### [To do]
Within the records below, find the line with "57 Chevrolet Passenger" and the line with "A almofada é", then reproduce exactly those two lines and all lines between them, without any picture.

### [Source records]
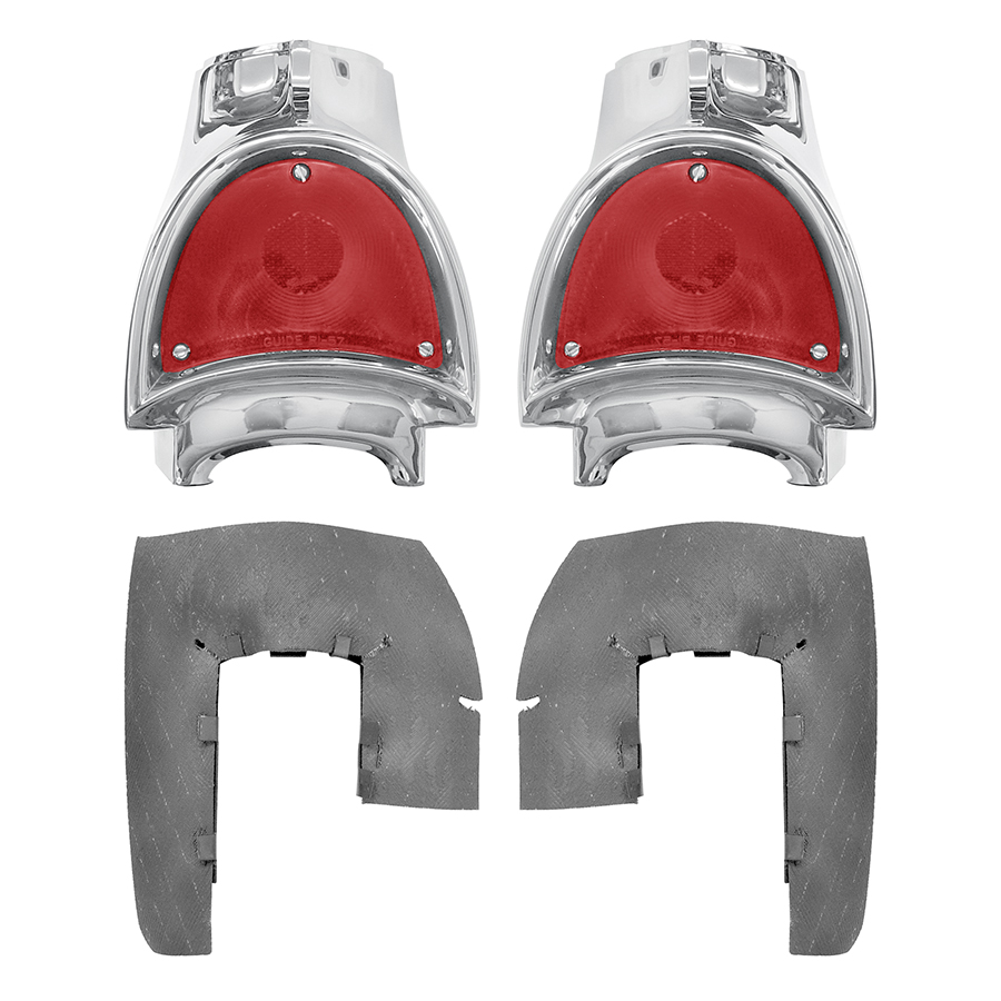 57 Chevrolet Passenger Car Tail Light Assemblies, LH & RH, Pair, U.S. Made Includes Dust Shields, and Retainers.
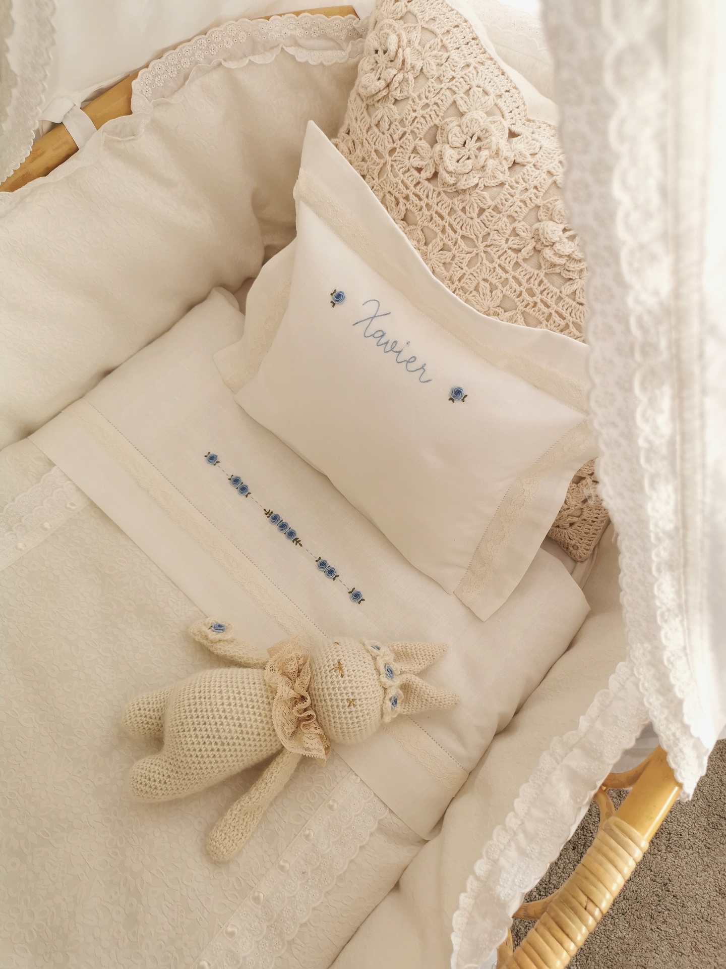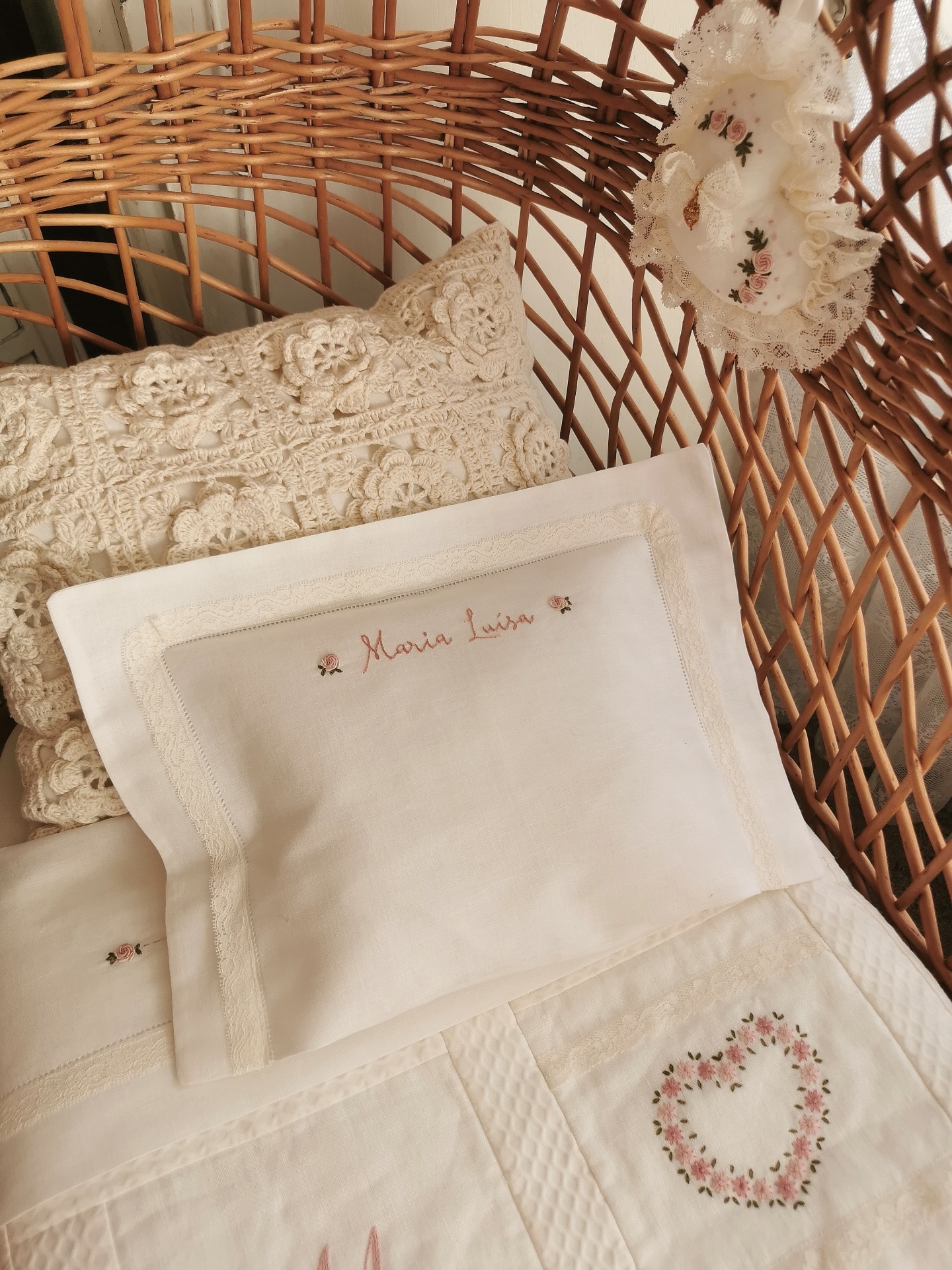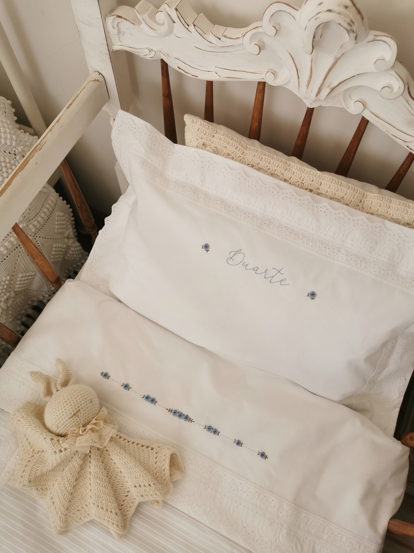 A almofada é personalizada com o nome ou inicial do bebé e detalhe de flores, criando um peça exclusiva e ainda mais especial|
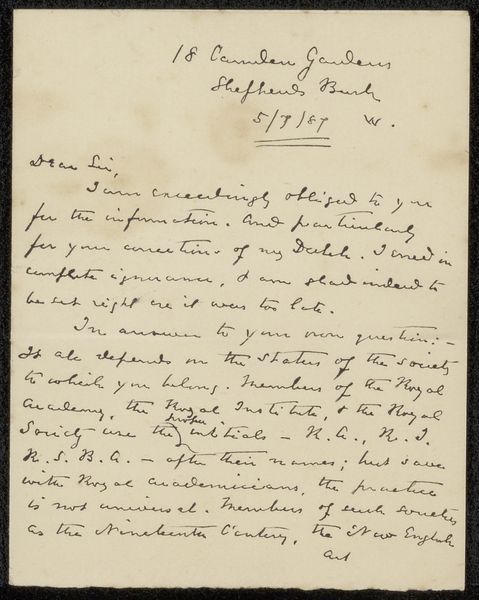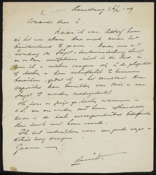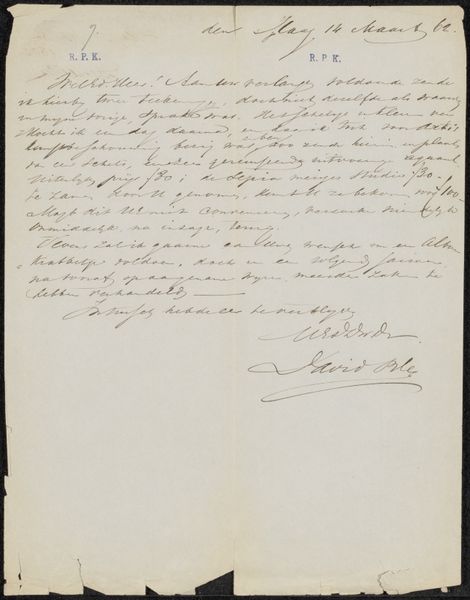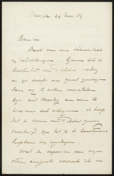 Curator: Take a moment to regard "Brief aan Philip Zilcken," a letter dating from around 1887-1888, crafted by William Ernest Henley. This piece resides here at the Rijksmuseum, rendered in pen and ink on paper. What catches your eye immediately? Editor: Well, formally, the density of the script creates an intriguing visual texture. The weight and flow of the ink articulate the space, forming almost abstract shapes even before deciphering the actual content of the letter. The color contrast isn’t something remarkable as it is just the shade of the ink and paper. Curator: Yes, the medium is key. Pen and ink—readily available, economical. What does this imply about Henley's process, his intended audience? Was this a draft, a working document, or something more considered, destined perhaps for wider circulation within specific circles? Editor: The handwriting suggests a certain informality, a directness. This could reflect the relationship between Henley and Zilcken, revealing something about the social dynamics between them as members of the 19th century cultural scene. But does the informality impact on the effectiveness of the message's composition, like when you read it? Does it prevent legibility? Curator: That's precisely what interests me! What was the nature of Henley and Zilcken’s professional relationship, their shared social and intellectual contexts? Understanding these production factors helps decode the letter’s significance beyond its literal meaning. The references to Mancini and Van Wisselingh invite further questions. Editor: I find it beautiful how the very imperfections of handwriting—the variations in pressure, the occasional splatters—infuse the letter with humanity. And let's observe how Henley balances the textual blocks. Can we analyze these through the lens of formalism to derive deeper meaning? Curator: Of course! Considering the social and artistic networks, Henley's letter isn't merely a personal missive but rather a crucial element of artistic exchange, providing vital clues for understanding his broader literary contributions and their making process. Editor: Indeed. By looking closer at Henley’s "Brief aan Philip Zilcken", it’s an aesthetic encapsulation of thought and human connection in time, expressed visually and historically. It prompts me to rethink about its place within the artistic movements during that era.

--

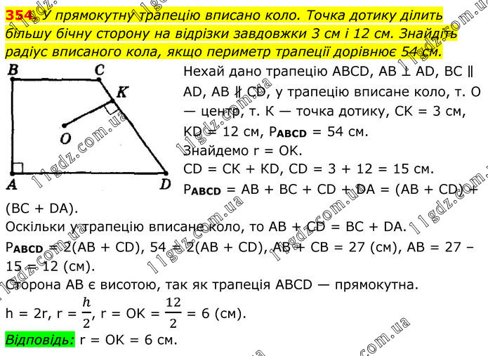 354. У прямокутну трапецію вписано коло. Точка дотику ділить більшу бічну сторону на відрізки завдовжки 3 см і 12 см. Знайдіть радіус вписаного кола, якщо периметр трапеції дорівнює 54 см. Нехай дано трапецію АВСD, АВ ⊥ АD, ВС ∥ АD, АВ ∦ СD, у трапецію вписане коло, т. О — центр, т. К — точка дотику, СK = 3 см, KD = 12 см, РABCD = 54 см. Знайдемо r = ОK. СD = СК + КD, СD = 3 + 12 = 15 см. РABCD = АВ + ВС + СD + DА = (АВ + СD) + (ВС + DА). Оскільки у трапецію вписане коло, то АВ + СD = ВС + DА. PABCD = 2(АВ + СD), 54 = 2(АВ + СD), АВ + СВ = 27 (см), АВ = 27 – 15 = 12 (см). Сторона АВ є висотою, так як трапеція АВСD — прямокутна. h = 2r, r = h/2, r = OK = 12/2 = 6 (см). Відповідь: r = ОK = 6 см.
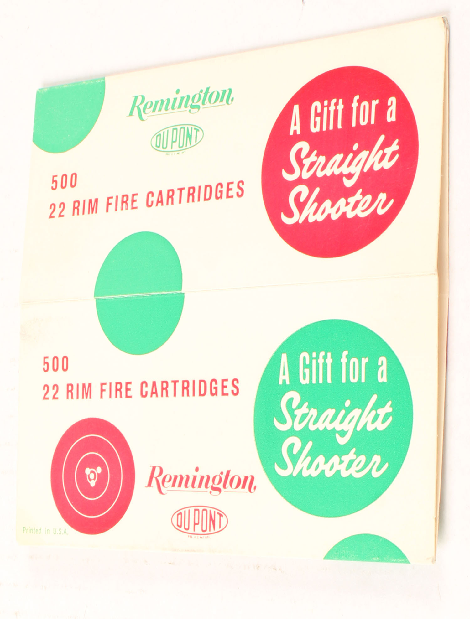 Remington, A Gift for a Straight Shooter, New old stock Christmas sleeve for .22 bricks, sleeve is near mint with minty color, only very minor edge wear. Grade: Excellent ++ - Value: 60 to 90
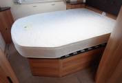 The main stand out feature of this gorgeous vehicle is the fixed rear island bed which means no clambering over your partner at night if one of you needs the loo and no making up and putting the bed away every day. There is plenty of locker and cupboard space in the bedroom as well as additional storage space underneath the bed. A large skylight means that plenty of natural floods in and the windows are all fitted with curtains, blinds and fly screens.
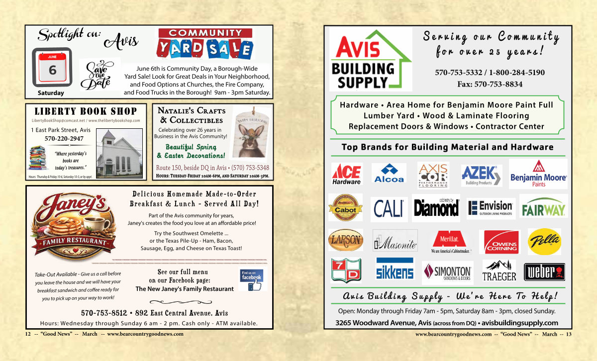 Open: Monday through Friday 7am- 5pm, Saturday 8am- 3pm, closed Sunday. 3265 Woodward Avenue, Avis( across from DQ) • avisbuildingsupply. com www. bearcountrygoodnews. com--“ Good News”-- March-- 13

### [Exercise answer]
 57 Chevrolet Passenger Car Tail Light Assemblies, LH & RH, Pair, U.S. Made Includes Dust Shields, and Retainers.
 A almofada é personalizada com o nome ou inicial do bebé e detalhe de flores, criando um peça exclusiva e ainda mais especial|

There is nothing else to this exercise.